The Original Dry Bag Steak | Make Artisan Dry Age Steak at Home › Forums › Dry Aging Steak › Dry Aging Steak with UMAi Dry® › Suggestion…roll of bagging material?
- This topic has 8 replies, 5 voices, and was last updated 11 years, 4 months ago by Anonymous.
July 26, 2011 at 1:05 am #1274Jim ButlerMember
It would be nice if we could buy the bagging material by the roll, as it would eliminate a bunch of waste by allowing us to cut exactly what we need, like the Foodsaver system.
Just a though.July 27, 2011 at 5:57 pm #4911
We have had a few folks ask about longer pieces of UMAi DrybagSteak that you can cut to the length you need. Most have been commercial users. We got a few “long pieces,” of about 15 ft. to test with. We are working on pricing, but if you are interested in longer rolls, please just drop us an email. For the record, the cost to us is virtually the same as individual bags.
The trick is to get a good enough seal on both ends. The factory seal is still the strongest “weld” we have. If you have mastered the sealing method, though, this is no deterrent to you “Masters of UMAi Dry.” 😉
–TheaAugust 22, 2011 at 7:26 pm #4929ManojMember
On a similar thought, I think it would be nice if you had some bags that were sized for the smaller chamber vacuums. Instead of a 12″x24″ which would be a great size if I had a snorkel vacuum, a 12×16″ or 12×18″ would be nice. I halved and bagged a ribeye subprimal and it was a little annoying that I had to waste so much bagging material because I had to use two 12″x24″ bags.August 25, 2011 at 8:31 am #4934
Hello, and thank you for the excellent insight. I couldn’t agree more that wasting long strips of this precious material is very hard to do.
Adding another item to the mix is certainly something we should consider. It does, however, complicate things. Imagine just the question of how to redesign the webpage so that it will fit and be clear!
Our hesitancy with adding the long “roll” of material has been that people might expose it to moisture while cutting off their desired length, and that would affect the shelf life of the rest of the material. Perhaps more of concern is that fact that sealing this material is not always easy. Losing that one factory-sealed end may increase frustrating with leakage. One further consideration is that the price per actual unit would not change–just the amount of material that you choose to use. Our product is manufactured and priced strictly by weight.
Again, I appreciate you sharing the observation that a lot of material is going wasted–something that we certainly want to prevent. Let us get to work on this and see what we can implement within the next month or so.
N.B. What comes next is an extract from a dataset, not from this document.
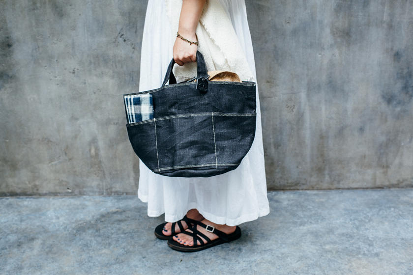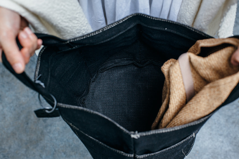 素材は、もともと丈夫なリネンを、2枚重ねに。

In the meantime, thank you for contributing this suggestion.August 31, 2011 at 8:14 pm #4942Andy StarvaskiMember
In your reply you mention “shelf life” of the material…do these bags have a shelf life? and if so, what is it? Are there noticiable signs/symptons of the bags going bad?
Does getting the bags wet/damp have a negative effect on the bag material?
AndySeptember 1, 2011 at 1:52 pm #4943
It is recommended that UMAi Dry be kept away from moisture and sunlight. It is recommended that it be used within two years.
As it is a moisture-permeable material, moisture will gradually be absorbed and make the material cloudy and slightly less easy to seal. Sunlight will simply cause it to gradually turn a yellowish color.
The material will continue to be safe and will work, but will become less “seal-able” as time passes.
It is always best, of course, to keep it in a sealed bag away from moisture and light.
Hope that helps.
–TheaNovember 6, 2011 at 5:49 pm #5052AnonymousGuest
Hi. Is it truly necessary to use the heat sealer function of the vacuum device to seal the bag? I have gotten the hang of it now and I can usually get it sealed on the first try, but it’s still a bit of a fussy and delicate operation.
I was wondering if I couldn’t just evacuate the air with the snorkle, then retract the snorkle and simultaneously tie off the opening very tightly with a bit of butchers twine. If done quickly, I don’t think I’d lose much vacuum.November 7, 2011 at 2:34 pm #5056Ron PrattMember
What you describe has been done by others with success. A trick to aid in the removal of all air during that method is to submerge the bag with meat inside in a vat or even kitchen sink filled with water that helps expel the trapped air. After you seal your bag with a twisty it is best to then dry off the bag.
RonNovember 8, 2011 at 6:09 am #5058AnonymousGuest
Thanks Ron. I will give that method a try then.